The proteins in the hair fiber are notable for their high cysteine
content, something that distinguishes them from other intermediate
filament forming proteins and also keratins found in epithelial cells5. The trichocyte keratins alone are known to have a
minimum of 20 cysteine residues, most of which are concentrated in the
head and tail domains of the keratins 6. The amount of
cysteine found in the KAPs is even higher, with the so-called high
sulfur proteins (HSPs) having between 20-30 moles% cysteine and the
ultra-high sulfur proteins (UHSPs) having between 30 and 38 moles%
cysteine. It is the interaction between the cysteines in the trichocyte
keratins with those of the KAPs that stabilize the three-dimensional
structures of the keratin intermediate filaments and distinguishes them
from epithelial keratins 2. These interactions are
thought to be the main driver of fiber functionality and important in
reduction-then-oxidation processes such as stretch set in the
manufacture of wool garments 7. Removal of cysteine
from wool fibers through the conversion of cysteine to cysteic acid, by
for example, oxidative bleaching with hydrogen peroxide to whiten wool,
is known to impair process like stretch set considerably7.
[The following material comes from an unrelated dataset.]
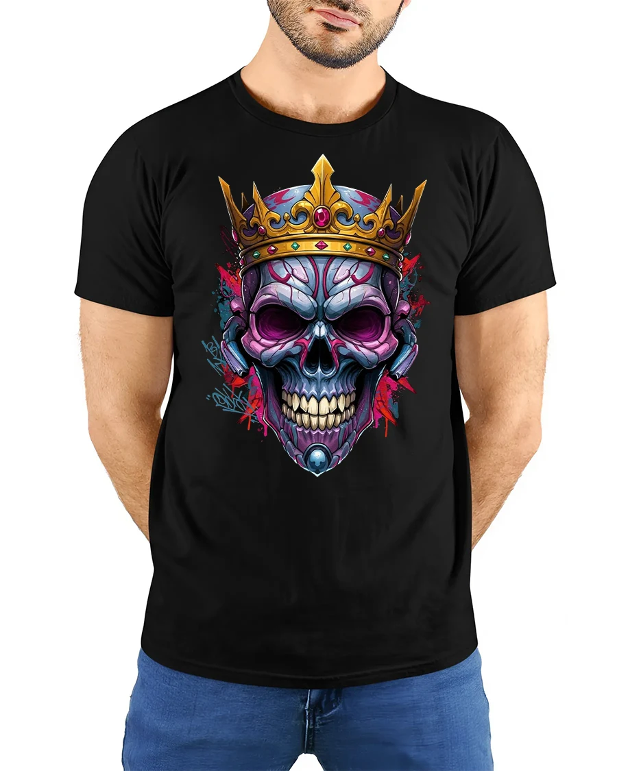 Made from soft and comfortable material, this tshirt is ideal for everyday wear, concerts, biker events, festivals, or casual outings. The high quality print highlights every detail of the crowned skull, ensuring long lasting vibrancy even after repeated washing. Fans of dark art, fantasy themes, and unique skull designs will appreciate this bold and expressive style.

Keratin head domains are thought to be important for intermolecular
interactions with KAPs, largely assumed to be disulfide bonding. Recent
co-immunoprecipitation studies have demonstrated an interaction between
the head domain of human K86 with KAP2.1 8, while
Western blot studies have demonstrated an interaction between the head
domain of K85 and KAP8.1 8. However, studies have
indicated that approximately 97.5% of cysteines in the KAPs are
involved in intramolecular bonding 9. Early proteomic
studies on wool using two-dimensional electrophoresis suggested that
only a few discrete cysteine residues in the KAPs were affected by
treatment with hydrogen peroxide 10. Differential
accessibility of the cysteines in single samples of wool has also been
investigated by mass spectrometry protocols involving reduction followed
by alkylation and then extraction 11. To further
investigate non-random cysteine-accessibility we undertook a study, on
which the current study builds, in which wool was subjected to a process
of incremental labelling whereby reductants and chaotropes were used in
stages to reductively expose and label cysteines in the fiber in a
stepwise fashion according to their accessibility, after which the
labelled peptides were extracted and identified by proteomics, a process
repeated five times at each stage 12. In this study
when we refer to residues, we refer exclusively to these with a
non-random accessibility. From this it became apparent that the most
readily accessible cysteines were within the head or tail domains of the
keratins. Given that at least 50% of the head and tail domains of the
trichocyte keratins lie along the inner core of the strongly apolar
intermediate filament 13, where reducing agents would
be less effective, this would suggest that these accessible cysteines
are most likely on the outer surface of the filament. In contrast, no
conclusion could be drawn on the cysteine accessibility of the KAPs
because, under the conditions investigated, the KAPs did not display the
sequential accessibility of the keratins, all repeatably non-random
cysteine labelling occurring in one stage/step. One limitation of our
earlier study on the effect of reductant on cysteine accessibility was
that the lowest concentration of DTT examined was 20 mM12. Another study, however, has shown that the various
components of the KAPs exhibit a differential extractability when
sequentially exposed to concentrations of DTT between 5 and 20 mM14. It was for
this reason that we extended this approach to study the effect of these
lower concentrations of reductant not only to understand the effect on
the accessibility of the cysteines in the KAPs in the mature
wool fiber but also to examine the accessibility of the cysteines in
keratins at these concentrations with the view to gaining an insight as
to how the disulfide bridges may form between keratins and KAPs.